Every entry must be set down exactly in the answer; no pictures should appear.

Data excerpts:
========================================

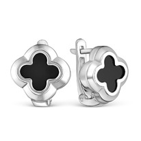 Серьги из серебра с фианитами родированные Клевер 925 пробы 11-1013р
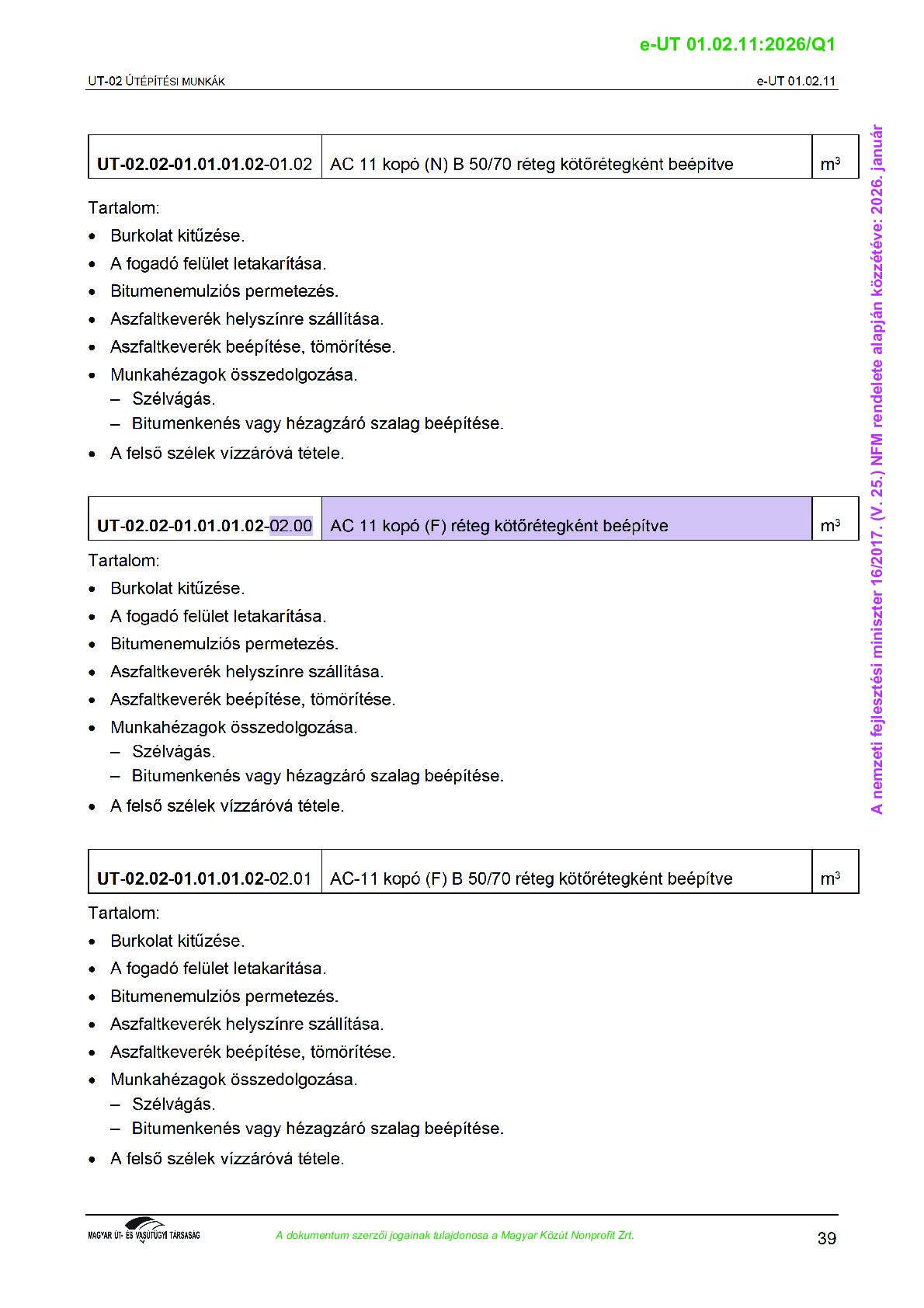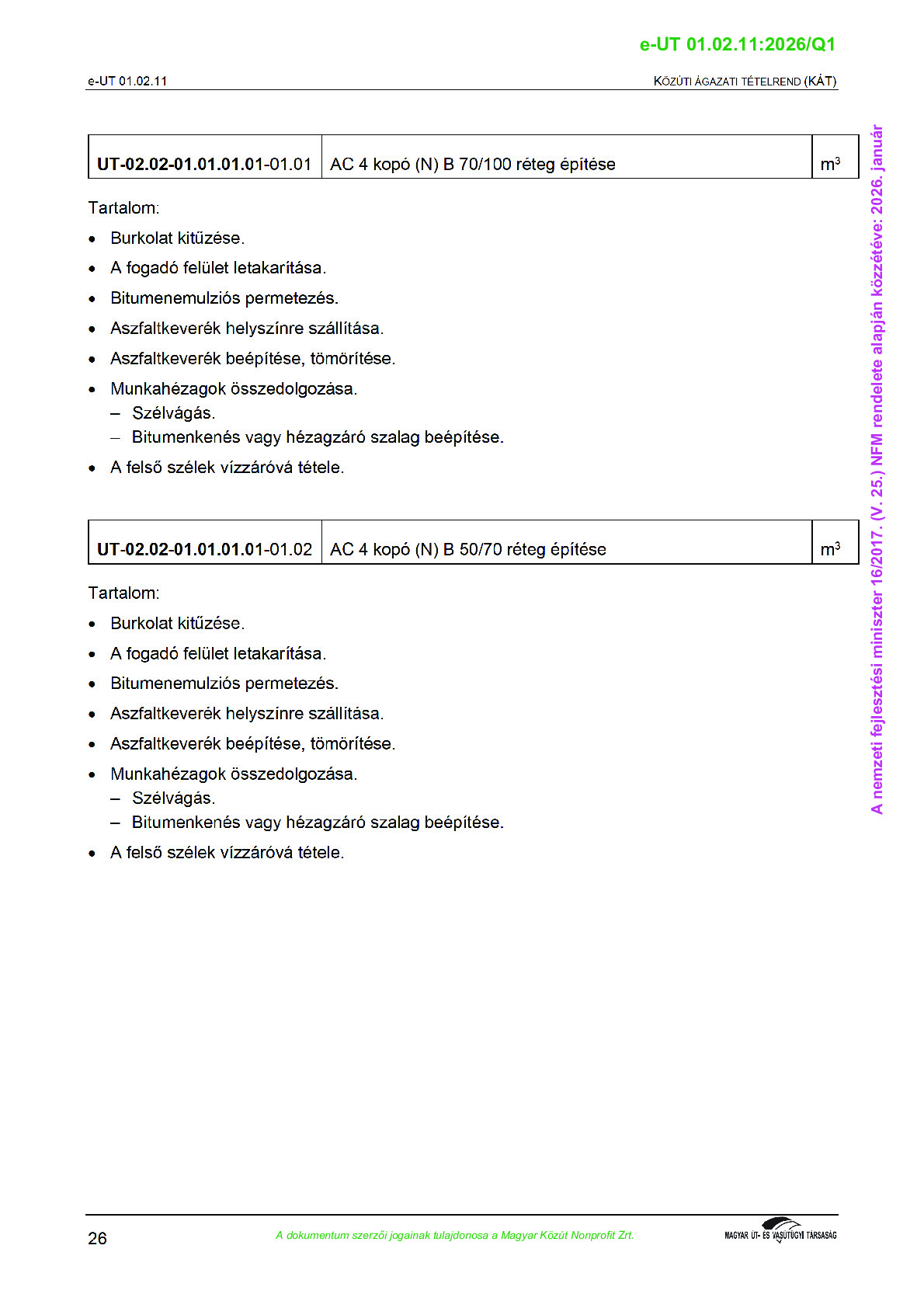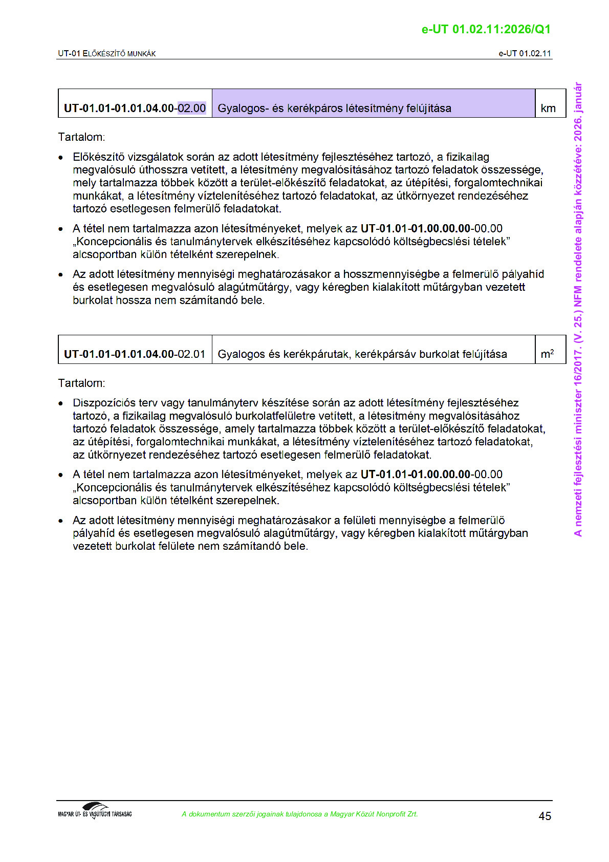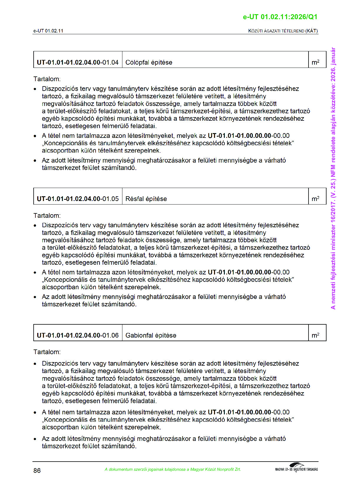 Véleményezés alatt lévő útügyi műszaki előírások
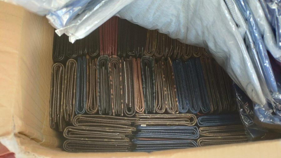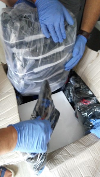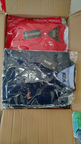 При действията на полицаите там са установени 18 кашона, в които е имало дрехи, портмонета и колани, брандирани с известни търговски марки. За въпросните артикули не е установено да има съгласие на притежателите на изключителното право върху търговските марки за клас 25 по МКСУ /международна класификация на стоките и услугите/, за конкретните марки. Те са били предадени от куриерската фирма на полицаите.
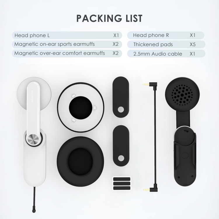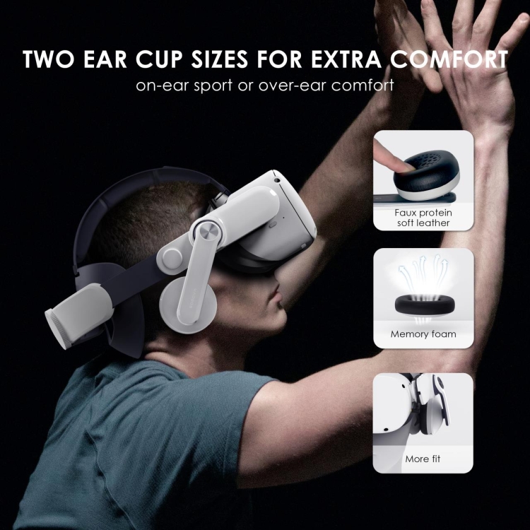 3. Replaceable earmuffs design: Equipped with a pair of over-ear sports small earmuffs and a pair of over-ear comfortable large earmuffs, suitable for intense sports or watching movies. The earmuffs are supported by high-quality protein leather and memory foam, which are soft, breathable, and fit, which can effectively improve the sound insulation of the earphones and allow you to achieve a more immersive VR experience.
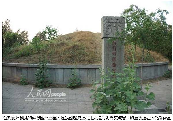 不幸的是,歸國途中,蘇祿東王在德州病逝,葬於德州城北二里處(現德州北營村)。
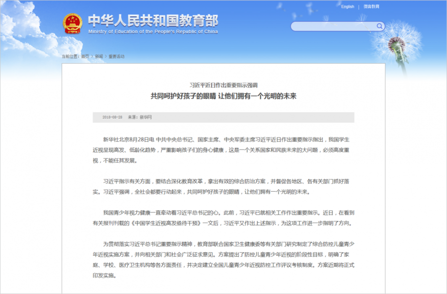 針對(duì)近年來我國(guó)兒童青少年近視率居高不下、不斷攀升,近視低齡化、重度化日益嚴(yán)重等問題,習(xí)近平總書記曾指出:我國(guó)學(xué)生近視呈現(xiàn)高發(fā)、低齡化趨勢(shì),嚴(yán)重影響孩子們的身心健康,這是一個(gè)關(guān)系國(guó)家和民族未來的大問題,必須高度重視,不能任其發(fā)展。有關(guān)方面要結(jié)合深化教育改革,拿出有效的綜合防治方案,督促各地區(qū)、各有關(guān)部門抓好落實(shí),同時(shí)強(qiáng)調(diào)全社會(huì)都要行動(dòng)起來。
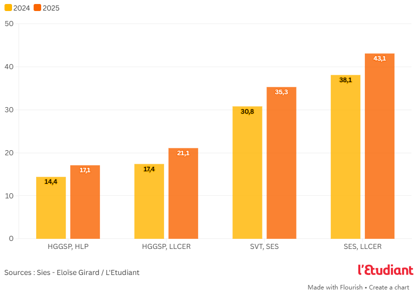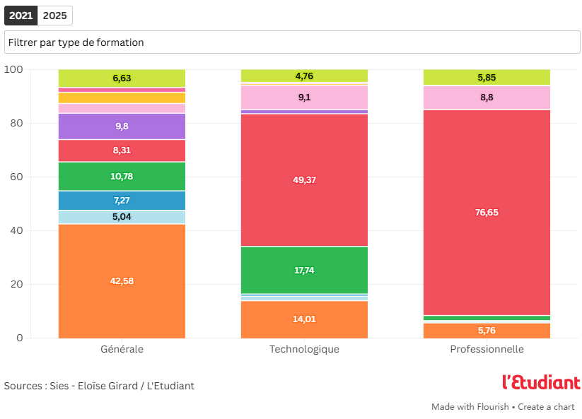 这种趋势首先体现在理科生群体中。2022年至2025年间,选择PASS的高中生比例将增长7.7个百分点(数学和物理化学专业学生)和7.8个百分点(物理化学和生物科学专业学生)。在非理科专业中也出现了类似现象:例如,选择生物与社会经济双修专业的学生,其申请IFSI的比例在同期增长了5.2个百分点。
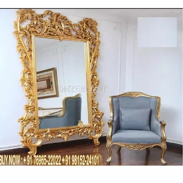 Дизайнерская зеркальная оправа из тикового дерева премиум-класса для дома Золотая Королевского резная вручную деревянная
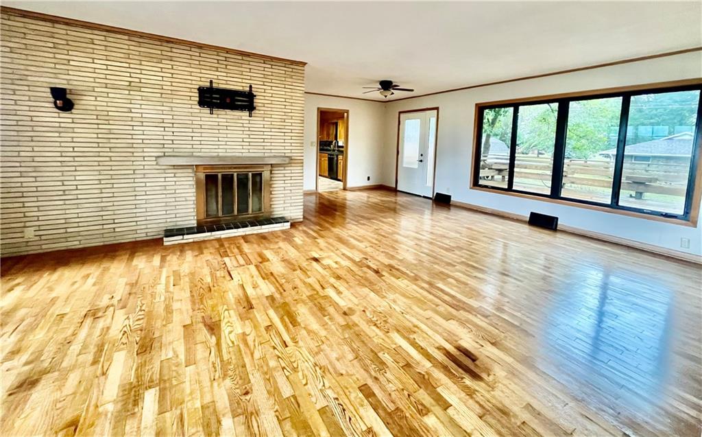 Tucked away on a peaceful and expansive .77-acre lot, this warm and welcoming 3-bedroom, 2.5-bath brick ranch has all the charm of a classic home with room to make it your own. Step inside to find rich wood floors throughout and a large, light-filled living room with a beautiful brick fireplace—the perfect spot to curl up with a blanket on chilly evenings. There's also a cozy great room with even more space to relax, play, or entertain. Walk out the back door in the living room to the large deck overlooking the fenced backyard. Whether you're enjoying a quiet morning coffee or hosting a weekend BBQ, this space feels like home. Downstairs, a full unfinished walk-out basement offers endless possibilities—extra living space, a workshop, a game room, or simply tons of storage. Out front, a charming brick patio area is perfect for evening fires and fall gatherings, and the machine shed is a great bonus for projects, tools, or hobbies. This home has charm and room to grow!
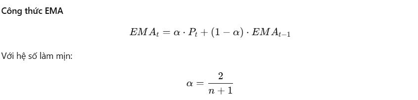 EMA (Exponential Moving Average) là đường trung bình động hàm mũ, trong đó giá ở các phiên gần hiện tại được gán trọng số lớn hơn.

========================================

- _Solution for this task_
 Серьги из серебра с фианитами родированные Клевер 925 пробы 11-1013р
 Véleményezés alatt lévő útügyi műszaki előírások
 При действията на полицаите там са установени 18 кашона, в които е имало дрехи, портмонета и колани, брандирани с известни търговски марки. За въпросните артикули не е установено да има съгласие на притежателите на изключителното право върху търговските марки за клас 25 по МКСУ /международна класификация на стоките и услугите/, за конкретните марки. Те са били предадени от куриерската фирма на полицаите.
 3. Replaceable earmuffs design: Equipped with a pair of over-ear sports small earmuffs and a pair of over-ear comfortable large earmuffs, suitable for intense sports or watching movies. The earmuffs are supported by high-quality protein leather and memory foam, which are soft, breathable, and fit, which can effectively improve the sound insulation of the earphones and allow you to achieve a more immersive VR experience.
 不幸的是,歸國途中,蘇祿東王在德州病逝,葬於德州城北二里處(現德州北營村)。
 針對(duì)近年來我國(guó)兒童青少年近視率居高不下、不斷攀升,近視低齡化、重度化日益嚴(yán)重等問題,習(xí)近平總書記曾指出:我國(guó)學(xué)生近視呈現(xiàn)高發(fā)、低齡化趨勢(shì),嚴(yán)重影響孩子們的身心健康,這是一個(gè)關(guān)系國(guó)家和民族未來的大問題,必須高度重視,不能任其發(fā)展。有關(guān)方面要結(jié)合深化教育改革,拿出有效的綜合防治方案,督促各地區(qū)、各有關(guān)部門抓好落實(shí),同時(shí)強(qiáng)調(diào)全社會(huì)都要行動(dòng)起來。
 这种趋势首先体现在理科生群体中。2022年至2025年间,选择PASS的高中生比例将增长7.7个百分点(数学和物理化学专业学生)和7.8个百分点(物理化学和生物科学专业学生)。在非理科专业中也出现了类似现象:例如,选择生物与社会经济双修专业的学生,其申请IFSI的比例在同期增长了5.2个百分点。
 Дизайнерская зеркальная оправа из тикового дерева премиум-класса для дома Золотая Королевского резная вручную деревянная
 Tucked away on a peaceful and expansive .77-acre lot, this warm and welcoming 3-bedroom, 2.5-bath brick ranch has all the charm of a classic home with room to make it your own. Step inside to find rich wood floors throughout and a large, light-filled living room with a beautiful brick fireplace—the perfect spot to curl up with a blanket on chilly evenings. There's also a cozy great room with even more space to relax, play, or entertain. Walk out the back door in the living room to the large deck overlooking the fenced backyard. Whether you're enjoying a quiet morning coffee or hosting a weekend BBQ, this space feels like home. Downstairs, a full unfinished walk-out basement offers endless possibilities—extra living space, a workshop, a game room, or simply tons of storage. Out front, a charming brick patio area is perfect for evening fires and fall gatherings, and the machine shed is a great bonus for projects, tools, or hobbies. This home has charm and room to grow!
 EMA (Exponential Moving Average) là đường trung bình động hàm mũ, trong đó giá ở các phiên gần hiện tại được gán trọng số lớn hơn.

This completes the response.